Sunday, April 04, 2010

From Dorothy M. Neddermeyer, PhD, author, motivatinal speaker, and inspirational leader we have the following article:

Have you wondered what sets the highly successful people ahead of others? One key factor is keeping commitments.

It is astonishing that 90% of the world's problems result from people failing to keep their commitments. Heads of state, CEO's, family members and friends, every missed goal or uncompleted task can be traced back to someone not keeping their end of the bargain.

We all make commitments every day. Some seem small and insignificant-agreed upon time to meet, a promise to run an errand or a promise to follow-up. Others are ostensibly bigger and more important-a formal contract or legal document, etc. It is important to consider all commitments equally important, because this is the way trust is built and maintained. A person's reputation is built upon their ability to make and keep commitments. Your life will work better when commitments are carefully made and diligently kept.

There are five key factors in making and keeping commitments.

  1. All Commitments Are Important: When you agree to do something-do it as agreed. When you agree to meet someone, be there on time. When you fail to keep a commitment you fail yourself first and the other person second.
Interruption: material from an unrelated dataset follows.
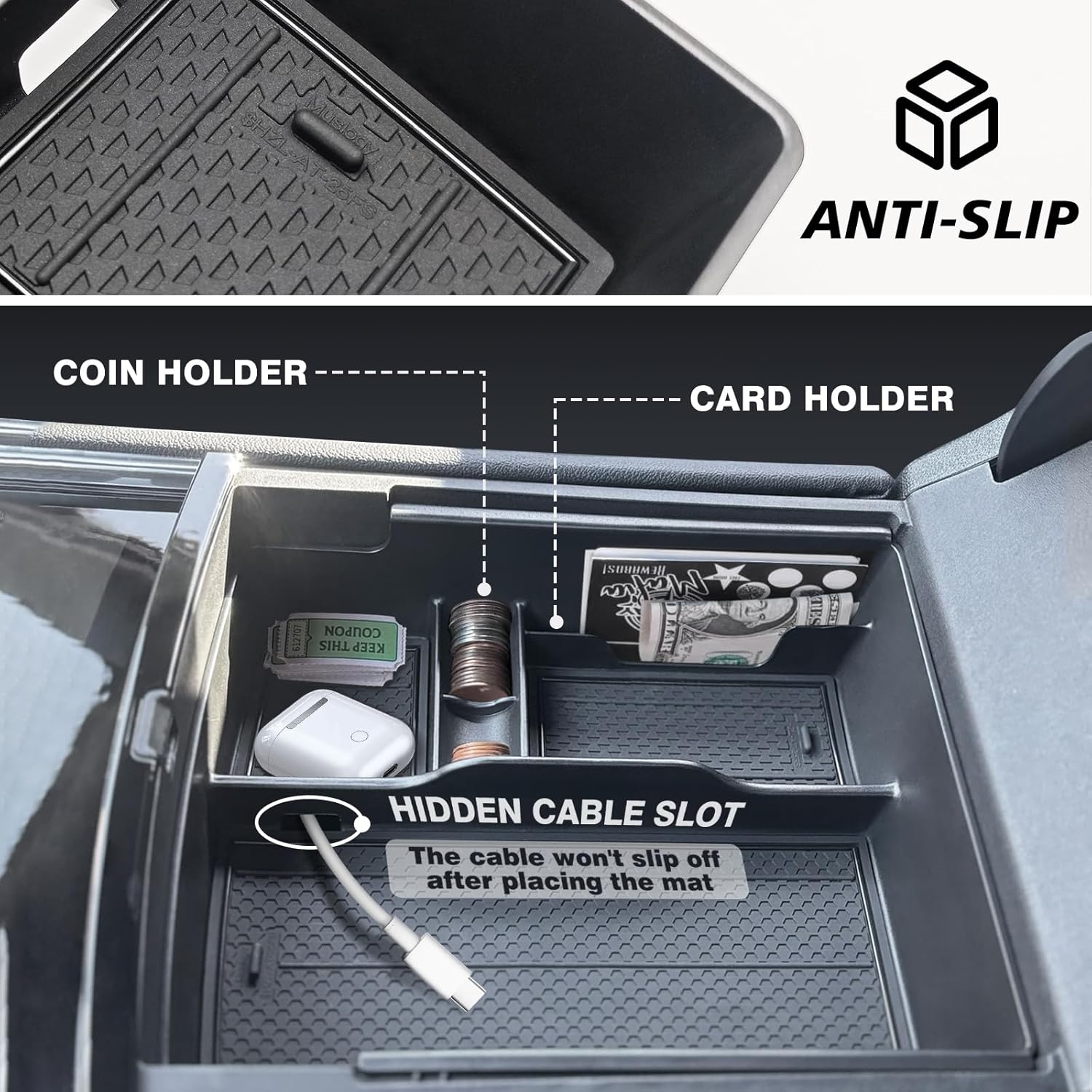 - Function: Upgrade your storage space. Compartmental design helps to keep your items organized neatly. Provide a perfect way to store your daily items while creating hidden storage space underneath. Won't affect the console lid closing and opening. The default insert mats fits in each comparment and make it easy to clean and prevent your items from rattling
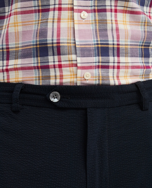 Our mission to find the perfect combination of style and fit shows in every piece we craft so you can look for casual pants cut just the way you like. Our Milano and Slim fits offer a more modern, tailored look, while our Elliot and Hudson styles feature a relaxed, laid-back cut. Dress things up with the pleated and cuffed looks of our Thompson and Elliot fits, or select a pair of our popular plain-front Clark fit. For added comfort, select a pair of men's stretch pants in classic chino, golf or men's stretch jeans styles. Most of our men's seersucker pants, chino pants and other casual pants styles at Brooks Brothers come in a variety of fits so you can easily get the precise look and fit you want

  2. Be Careful What You Agree To: Many people find it easier to say yes instead of no. It is far better to agree to what you can do, than saying yes to please someone at the moment and later fail your commitment because of being over-committed or because you have difficulty saying no.

  3. Manage Your Commitments: Keep a log of your commitments-Write them down. You may have great intentions, but if you forget to do what you agreed to do, the result is the same as your 'Choosing' not to keep your commitment.

  4. Renegotiate When You Are Unable to Keep Your Commitment: When you discover you are unable or unwilling to complete an agreement, go to the other party/parties and renegotiate.

  5. Manage By Agreement: Instead of telling someone to do something, ask if they would agree to doing it and by when. You have a greater chance it will get done if you ask rather than tell.

By paying careful attention to the commitments you make, tracking them and developing the habit of keeping all your commitments you will be known as a person of integrity. Your life and the world around you work in direct proportion to the quality of your commitments.



Shirley Twofeathers said...

So I wrote a good comment and lost it...

It went something like this - I find the concept of renegotiating commitments comforting, except for when I think about actually renegotiating with someone other than myself... that sounds freaking scary. I mean, what if they are disappointed in me? or annoyed? or upset?

Also liking this: Your life will work better when commitments are carefully made and diligently kept.

And wondering what would happen if I made a list of my previously made commitments to myself... and then CAREFULLY renegotiated them... paying special attention to how many hours there are in the day, and if it's something I actually WANT to do... how would my life change if I then KEPT those commitments come hell or high water...

Oh, hey! This sounds like something I coulc post about tomorrow. I think I will!